The Altair Community is migrating to a new platform to provide a better experience for you. In preparation for the migration, the Altair Community is on read-only mode from October 28 - November 6, 2024. Technical support via cases will continue to work as is. For any urgent requests from Students/Faculty members, please submit the form linked here
Time Series & Prediction Label Value Range
Following the tutorials from 2010, "Rapidminer 5.0 Video Tutorial #10 - Financial Time Series Modeling" from Thomas Ott,
I get prediction labels in the format '31.000' etc., while my actual label values are between 0 and 9 (see below).
What's going on here? Is it because of my RM-Version, or did I made an unforced mistake?
Who can help?
PS:
Label = n1
My out of sample data are the last 10 of a bigger sample (youngest).
My inner sample data is of the rest of the data (historically earlier).
PS: Are there any new videos- related to time series available/found?
Tagged:
0
Answers
I'm not sure what your process looks like and what algorithm you are using but if you remember from my tutorials that point forecasting was not as robust as trend forecasting in RapidMiner. If you want to do get point forecasts I suggest using the forecast library and R and wrapping it inside RapidMiner.
There is one updated written tutorial in Vijay and Bala's book, I think Chapter 10.
Thank you for the response Thomas,
Actually I want to predict directions but I'm wondering about the value ranges in the forecast.
Can you confirm that I made no significant mistake and that this is still the right way to do so?
Here is my process (Attachment)....
I see that you're using an SVM with a dot kernel. What is this time series? Production units? Sales? The application of the SVM, it's kernel, C value, and gamma can have a dramatic effect on the forecasting the direction of your time series (see attached). Without knowing the data, it almost looks like a GLM would work better but I would check.
C vs gamma
Hello T-Bone, thank you for the response.
I see the C-parameter of the SVM operator but no gamma. How did you produced the image 'C vs gamma'
The data is real live data (see attachment).
If I had 100 datasets could I use 90 of them as inner sample data and 10 of the 100 as outer sample/validation data?
Should the validation data be younger then the training data?
Thank you for the advices.
Ah yes, the gamma parameter becomes available once you change the kernel from dot to anything else. So I changed it to an RBF kernel, which tends to perform better in time series. I also took your process and then created a parameter optimization scheme on it. Once the C and gamma changed, the results started to come into line.
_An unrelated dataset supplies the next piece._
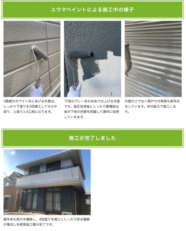 また、ただ「塗装して終了」ではなく、塗料のグレードに応じた施工店保証や定期点検を実施。万が一の異常が見つかった場合は、責任を持って補修や塗り直しなどのご対応を2008年の創業時から行い続けてきました。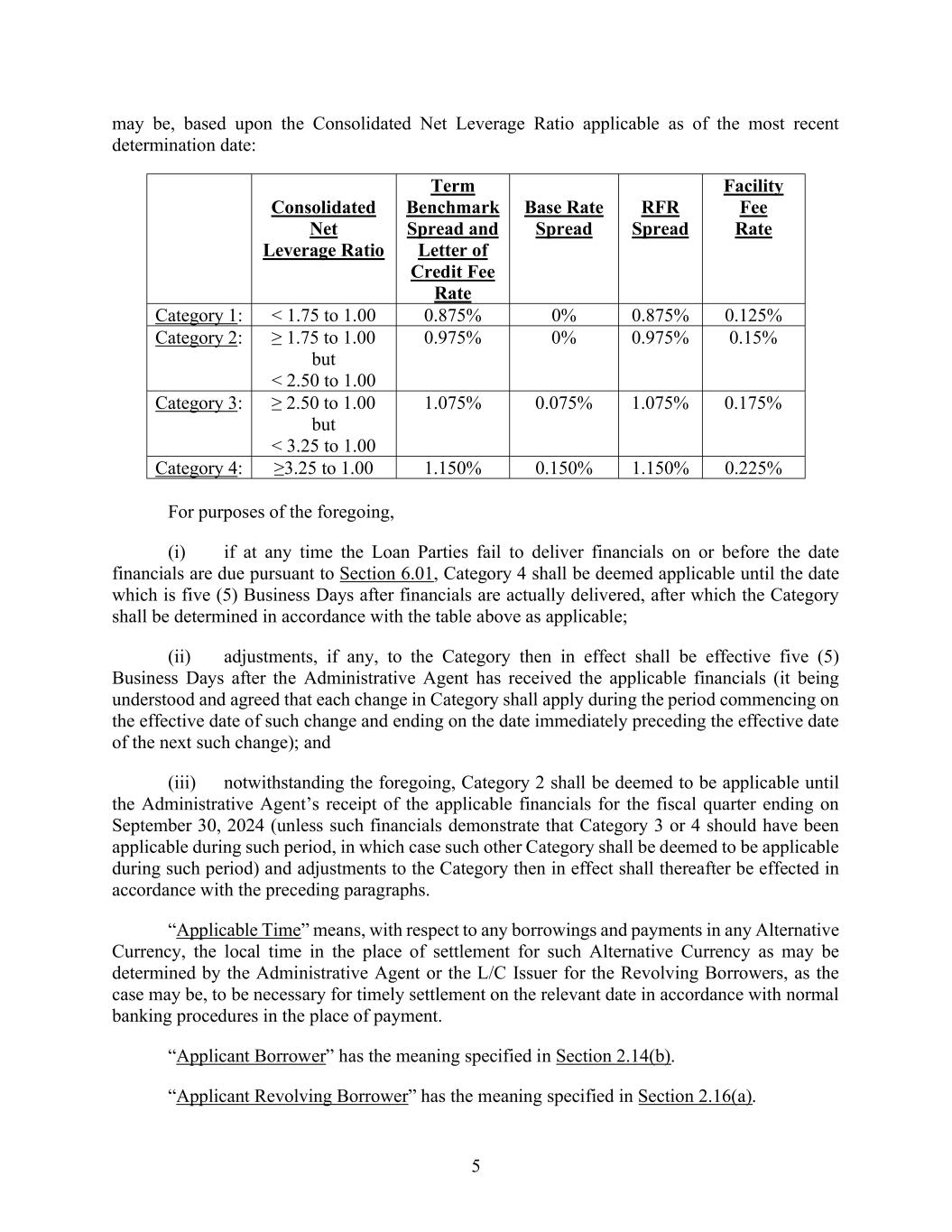 5 may be, based upon the Consolidated Net Leverage Ratio applicable as of the most recent determination date: Consolidated Net Leverage Ratio Term Benchmark Spread and Letter of Credit Fee Rate Base Rate Spread RFR Spread Facility Fee Rate Category 1: < 1.75 to 1.00 0.875% 0% 0.875% 0.125% Category 2: ≥ 1.75 to 1.00 but < 2.50 to 1.00 0.975% 0% 0.975% 0.15% Category 3: ≥ 2.50 to 1.00 but < 3.25 to 1.00 1.075% 0.075% 1.075% 0.175% Category 4: ≥3.25 to 1.00 1.150% 0.150% 1.150% 0.225% For purposes of the foregoing, (i) if at any time the Loan Parties fail to deliver financials on or before the date financials are due pursuant to Section 6.01, Category 4 shall be deemed applicable until the date which is five (5) Business Days after financials are actually delivered, after which the Category shall be determined in accordance with the table above as applicable; (ii) adjustments, if any, to the Category then in effect shall be effective five (5) Business Days after the Administrative Agent has received the applicable financials (it being understood and agreed that each change in Category shall apply during the period commencing on the effective date of such change and ending on the date immediately preceding the effective date of the next such change); and (iii) notwithstanding the foregoing, Category 2 shall be deemed to be applicable until the Administrative Agent’s receipt of the applicable financials for the fiscal quarter ending on September 30, 2024 (unless such financials demonstrate that Category 3 or 4 should have been applicable during such period, in which case such other Category shall be deemed to be applicable during such period) and adjustments to the Category then in effect shall thereafter be effected in accordance with the preceding paragraphs. “Applicable Time” means, with respect to any borrowings and payments in any Alternative Currency, the local time in the place of settlement for such Alternative Currency as may be determined by the Administrative Agent or the L/C Issuer for the Revolving Borrowers, as the case may be, to be necessary for timely settlement on the relevant date in accordance with normal banking procedures in the place of payment. “Applicant Borrower” has the meaning specified in Section 2.14(b). “Applicant Revolving Borrower” has the meaning specified in Section 2.16(a).

With respect to your question on using a Cross or Split Validation, you could try those operators but then you lose the dependency of the time series.
Note: I don;t know how powerful your machine is but the more parameters you choose to optimize will increase the run time.
Thank you very very much Thomas.
It's wonderful. I'm speechless.
A few questions remain.
If I understand it right, I now can take the best performing C- and gamma parameters from the log, rewire the setup and use them "hard coded" to get the best predictions for the complete dataset in a shorter time. Is this right?
A prediction for an up-to-date tomorrow data is represented in the last row of the result. Is this right?
With respect to your first question, yes. The optimized values of C and gamma can now be used in your process. Just put them into the parameters and run your process again. This time faster.
With respect to your last question, yes you should expect the value to be lower. When using Windowing and setting your Label column, you will shift back your label value in time and use the window to predict the value for the current window. It's a bit confusing but for a refresheer check out this Community thread: http://community.rapidminer.com/t5/RapidMiner-Studio/Time-Series-using-Windowing-operator-in-RapidMiner/m-p/31791
In cases like this I usually convert the label to Down or Up values using the Classify by Trend operator. Good luck!
Thank you Thomas,
Currently I have no idea how to use the Classify by Trend Operator.
But since I will write to Excel I can classify via VBA.
Are there any usefull features to determine overfitting in RM?
In this case, what do you think perfomance wise about SVM versus Recurrent Neural Networks?
I tried RNN a little bit in TensorFlow (with no success, still learning).
PS: I tried to give you thumb up, but my browser fails at that point.